Elle est partout vous dis-je, sauf dans le bois. Et ça, c'est une autre longue histoire de traditions composées de bines, de sciotte, de tuques des Nordiques, de chemises à carreaux noires et rouges, de sleigh tirée par des femmes à barbe, de maringouins géants, etc.. (Au fait, connaissez-vous l'origine du mot "maringouin"? En 1234 après Jézu, un capitaine de navire transsexuel, qui avait comme habitude de "piquer" les autres avec ses jokes chiennes, a été affublé de ce surnom car les matelots ne voulaient pas l'appeler "maringouine" de peur de faire de la planche. – Tranche de notre histoire coupée à même le gâteau des Archives inutiles du Québec et dans le Guide du Parfait Pirate Maboul.)

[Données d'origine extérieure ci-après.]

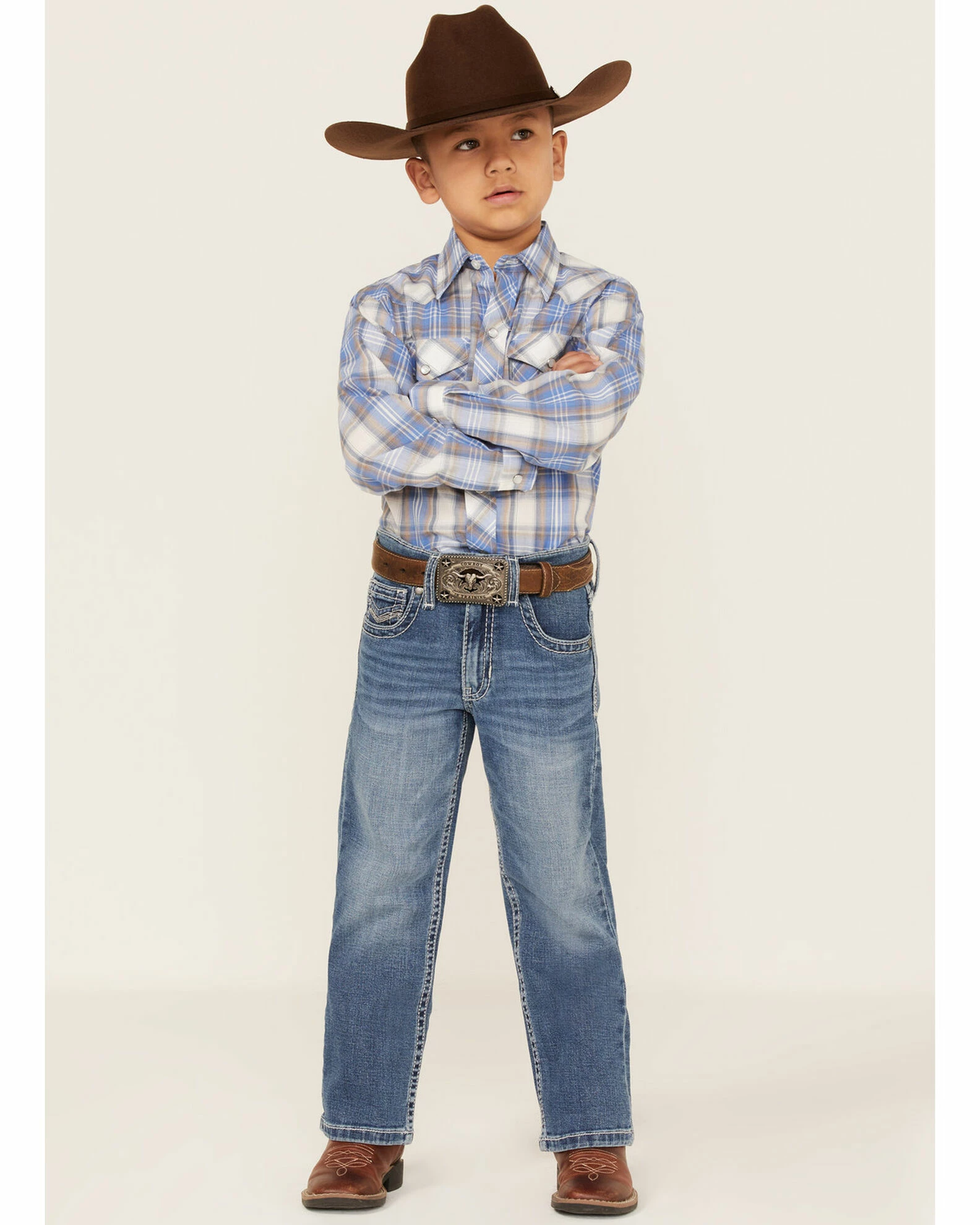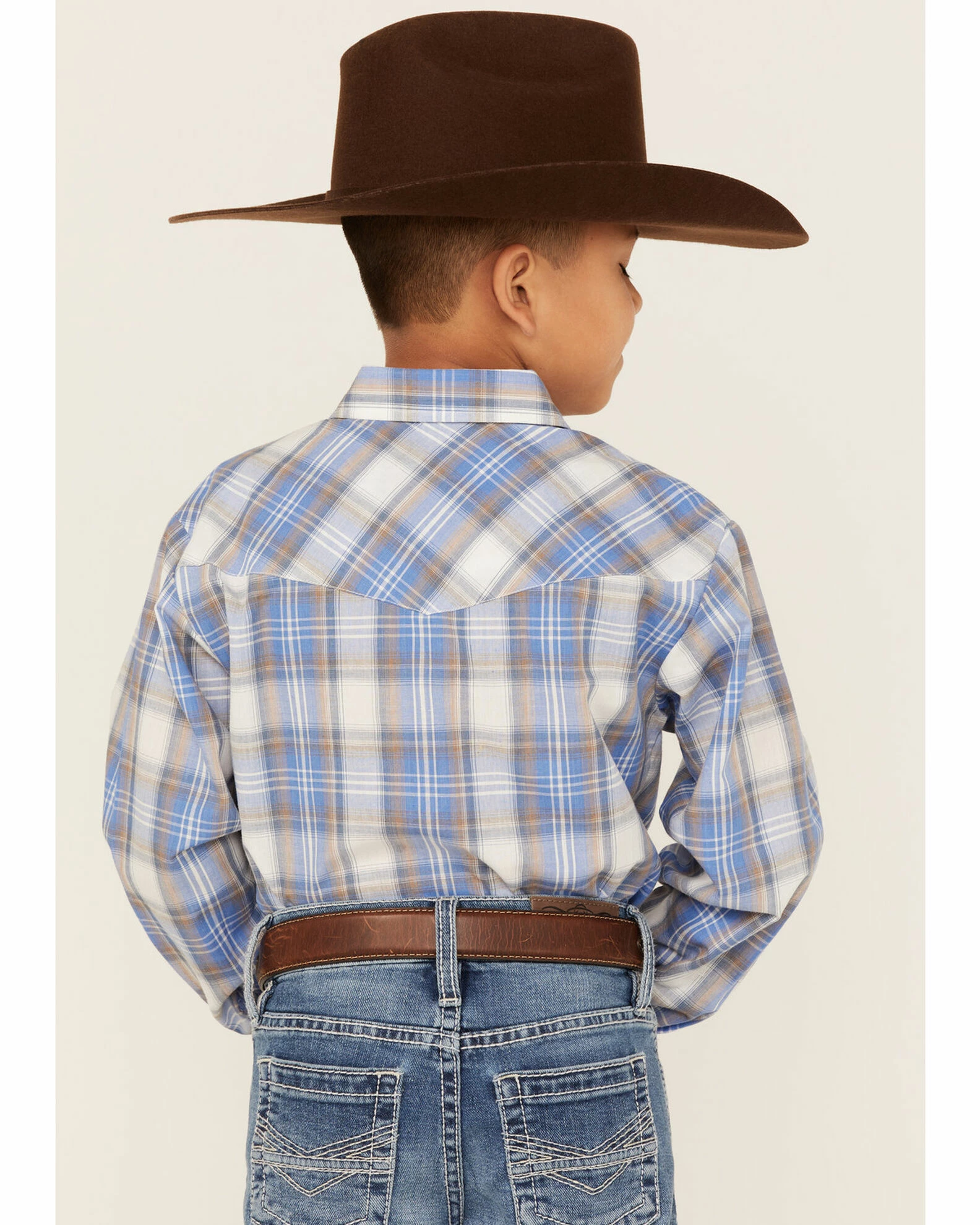 Roper Boys’ Classic Plaid Print Long Sleeve Western Snap Shirt Blue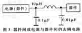 在一个电子系统中,通常多个器件共用一个电源。而电源线给交流信号提供了一个通路,使得交流信号通过电源线在器件之间传输,形成了干扰。所以必须在器件之间和电源到器件之间的电源线上加入滤波部分,滤掉交流干扰,称为去耦。电源的去耦通常用几个并联电容和串联电感来实现,如图3所示。

Sans vous dévoiler le punch, disons que notre Octave prend sa revanche à quelque part vers la fin du film, mais je ne vous dis pas à quel endroit. Il fait passer son client bourré aux as pour un beau creton devant des millions de personnes et ça, mes amis, ça vaut 500 milliards de balles. Le genre de truc qu'on devrait voir plus souvent dans la vraie vie vraie, le genre de claque 'dans face qui pourrait être assénée à quelques requins qui nous prennent pour des naïfs.
Le pire… c'est qu'on l'est un peu. Non? On a besoin de rêve, de mirages, de menteries pour être franc envers soi. Mais a-t-on besoin de 500 milliards $ pour enrichir ceux qui nous baisent, au détriment de ceux qu'on pourrait nourrir à grands coups de boîtes de Kraft Dinner©? (Dernière, promis.)
Attendez, je pense à un concept marketing et je vous rappelle de mon Bluetooth que je porte partout, même aux chiottes, là où y'a d'la pub en masse pour déféquer.